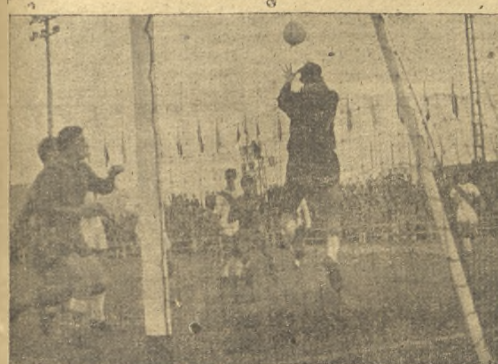
Secito en una buena parada. Basurto al acecho. (F. Rueda).
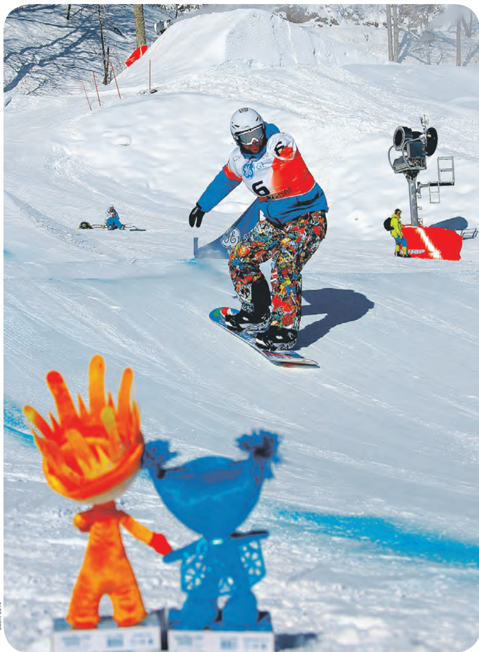
Знание «домашней» трассы поможет в борьбе за медали

От обычного сноуборда адаптивный отличается, понятное дело, перепадом высот. Здесь он меньше – от 100 до 240 метров.
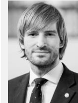
Mgr. et Mgr. Adam Vojtěch ministr, Ministerstvo zdravotnictví České republiky
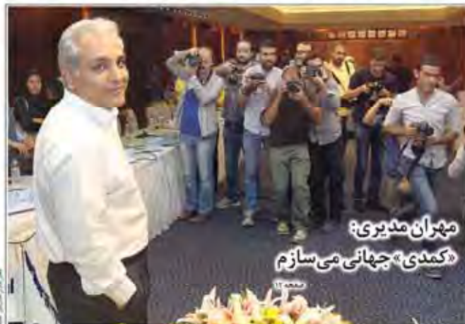
مهران مدیری: «کمدی» جهانی می سازم

سهیم نوشتن افزاز اسلامی - ایرانی در بازار نوشتن مجموعات وارداتی فقط ۱۰ درصد اعلام شده است
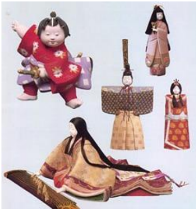
えどきめこみにんぎょう 江戸木目込人形
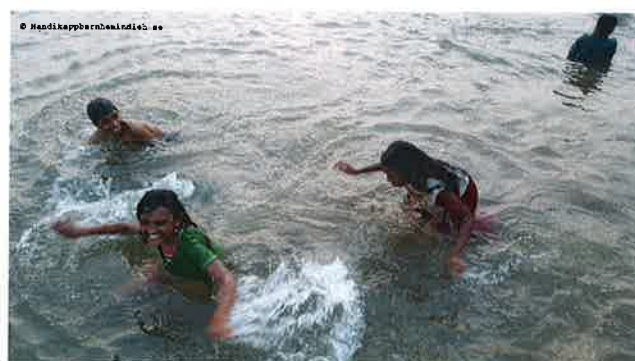
Barnen badar i Krishna river

Antalet månadsgivare har under året varierat något kring 100 personer.
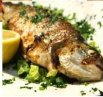
【奧地利湖區·鱒魚風味】
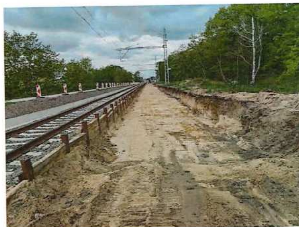
UČS 11, 10, Odčazenie koľajového kameniva a zemín po zemnú pláň
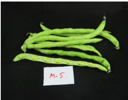
Fotografía 5. Cultivar C4, tipo "Cuarentena".
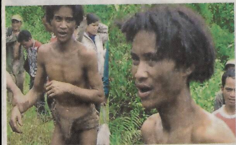
En Vietnam un papá y su hijo vivieron años como salvajes .WWW.MITUNJA.NET

En los últimos años, Pnhieng ha vivido encerrada la mayor parte del tiempo en una pequeña cabaña en la parte posterior de la casa de su familia adoptiva, una solución re-

+-------+

* Task instructions:
Set down again, exactly, the lines of the material above from its first line to the one with "جهانی می سازم", inclusive. Leave the pictures out.

* Result of the task:
Secito en una buena parada. Basurto al acecho. (F. Rueda).
Знание «домашней» трассы поможет в борьбе за медали

От обычного сноуборда адаптивный отличается, понятное дело, перепадом высот. Здесь он меньше – от 100 до 240 метров.
Mgr. et Mgr. Adam Vojtěch ministr, Ministerstvo zdravotnictví České republiky
مهران مدیری: «کمدی» جهانی می سازم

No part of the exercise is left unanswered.